いつでもこの種の事件はテロのレッテルを貼られて、政治的外国人嫌いの右派政治勢力の政治的台頭に利用されやすい。ヨーロッパの統一も破壊される。フランスもドイツも大統領選挙を前に、テロリストの活動が逆に国民の統合が、政治的分裂の道具として利用される絶好の材料にされることを十分に心配している。
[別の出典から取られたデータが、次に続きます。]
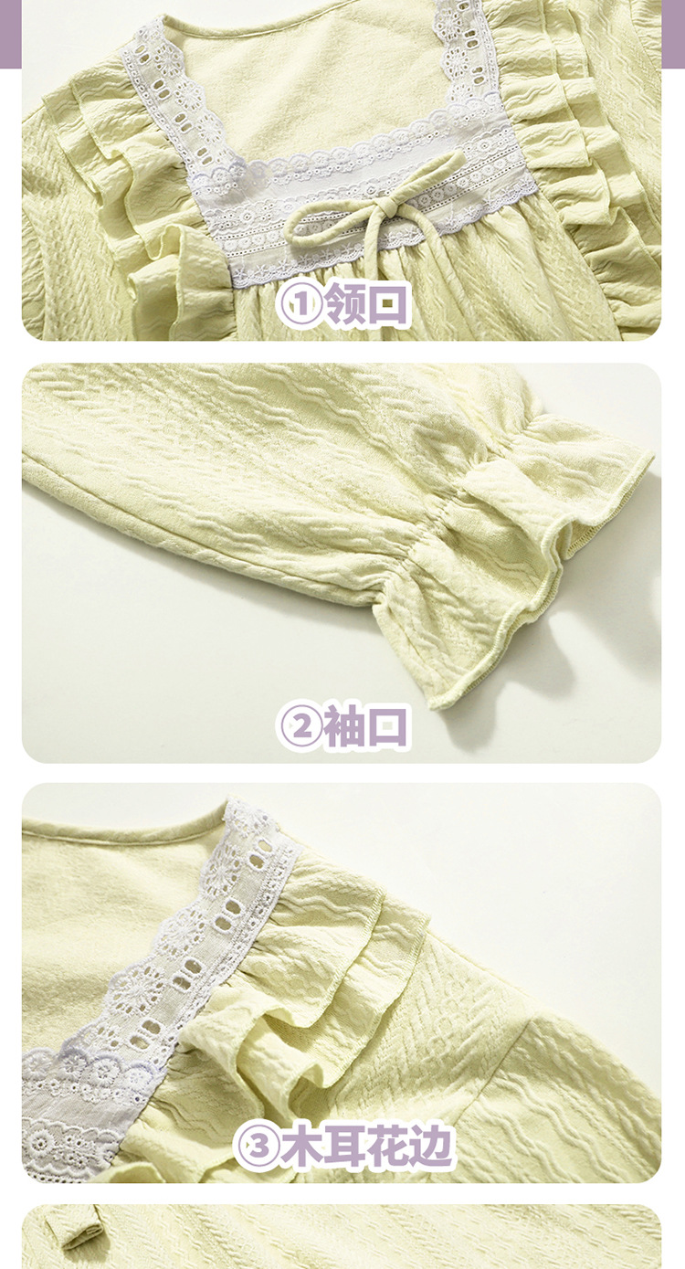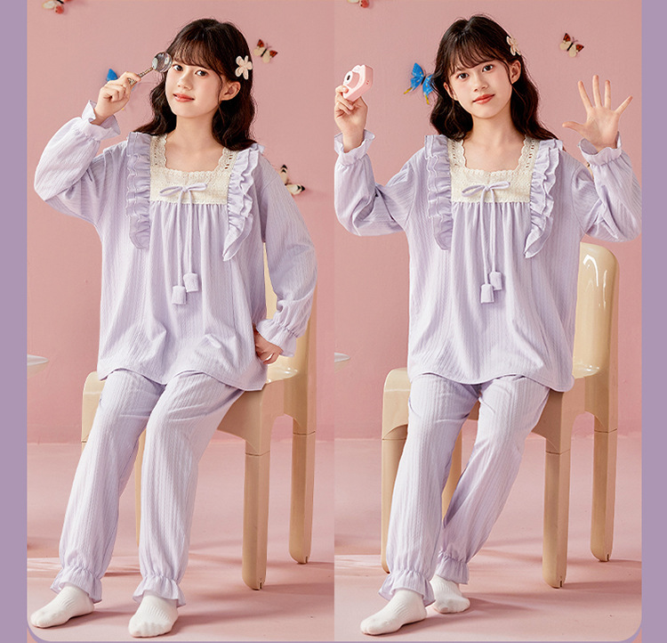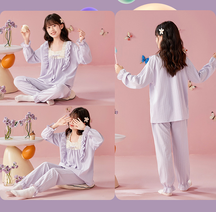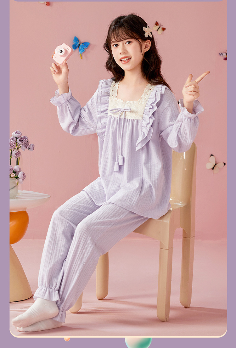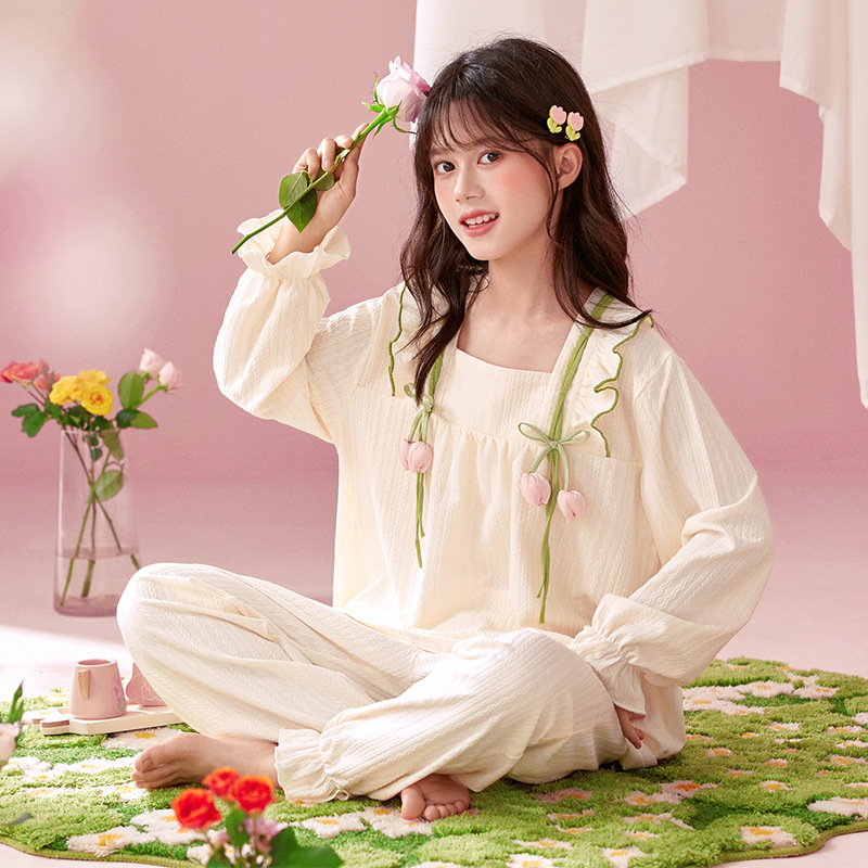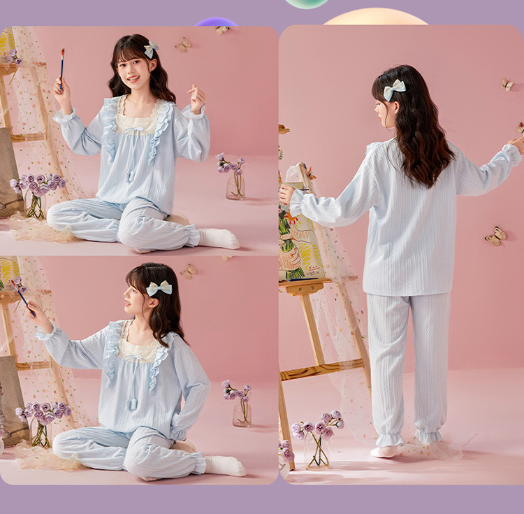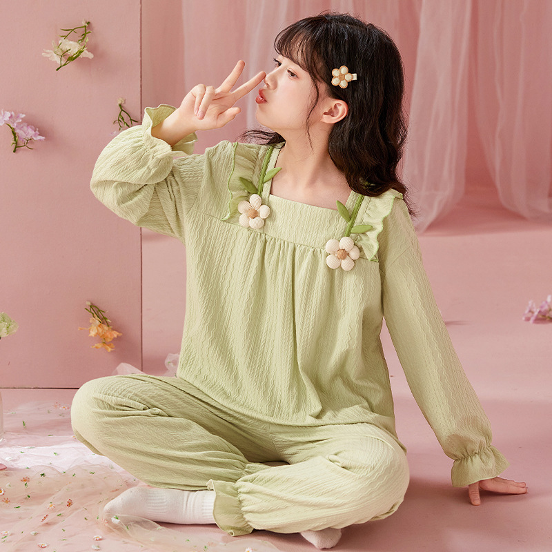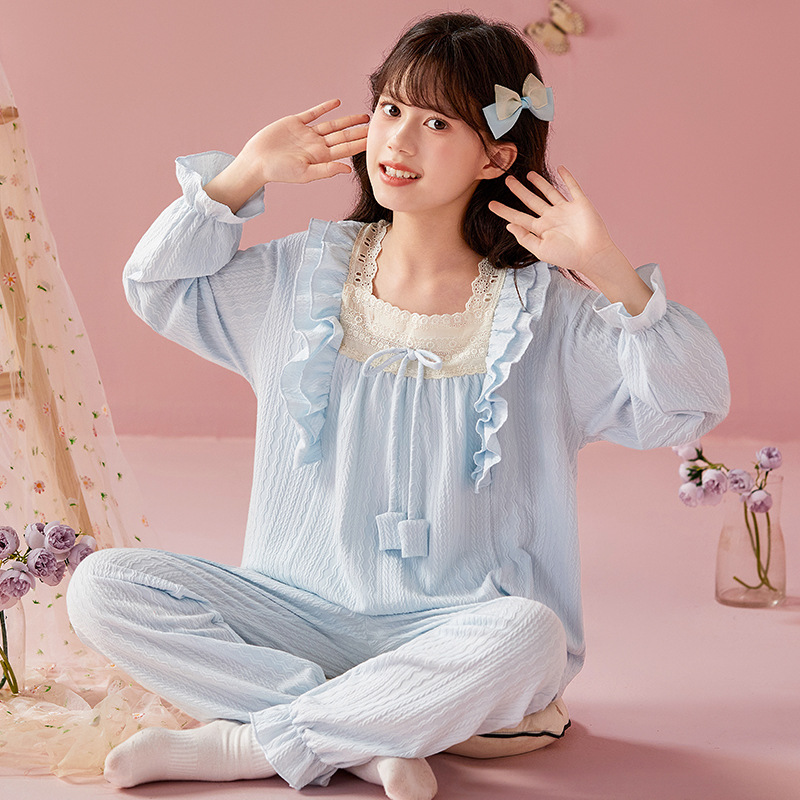여아용 면 잠옷, 가슴 패드가 있는 어린이 봄, 가을 긴팔 공주 스타일 가정복, 부모-자식 중대형 아동복스토어 가기
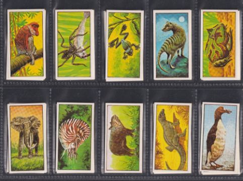 Trade cards, 5 sets, Brooke Bond British Birds, Tetley Tea British Birds, Bassett Living Creatures of Our World, Kellogg's Prehistoric Monsters (Lenticular set of 8), Sanders Jelly Dogs (gd/vg)

ニース市での悲劇も悪い政治家たちやメディアの意楽(いぎょう)に利用されることを危惧している。
英国の欧州離脱派が国民投票でEU離脱の理由にしたのは移民・難民の受け入れで、自分たちの職を失うのを嫌ったからである。テロもこわいわけだが、これによってフランスのサルコジのように、国内の右派勢力に油を注ぎ嘘を教唆して右派勢力を掻き立てることで、ペンの極右派系国民戦線(FN)や、テロリストと同じく国内を分断する動きが予想される。
18日21時15分ごろに17歳のアフガニスタンの青年が、今回と同じドイツ南部のバイエルン地方のトルシュリンゲン(Treuchlingen)とヴュルツブルク(Würzburg)とを結ぶ地方列車の中で、乗客を斧とナイフで4人を負傷させた事件では、犯行声明がダエッシュ=イスラム主義国家テロリスト組織(IS)から出されている。青年はヴュルツブルクで列車を降りて逃げたので、ドイツ警察に射殺されている。公衆に危害を加える行為はテロ扱いされている。(文字数 ;985)(投稿パリ時間 12字51分; 日本時間 ;2016/07/23午後12時51分)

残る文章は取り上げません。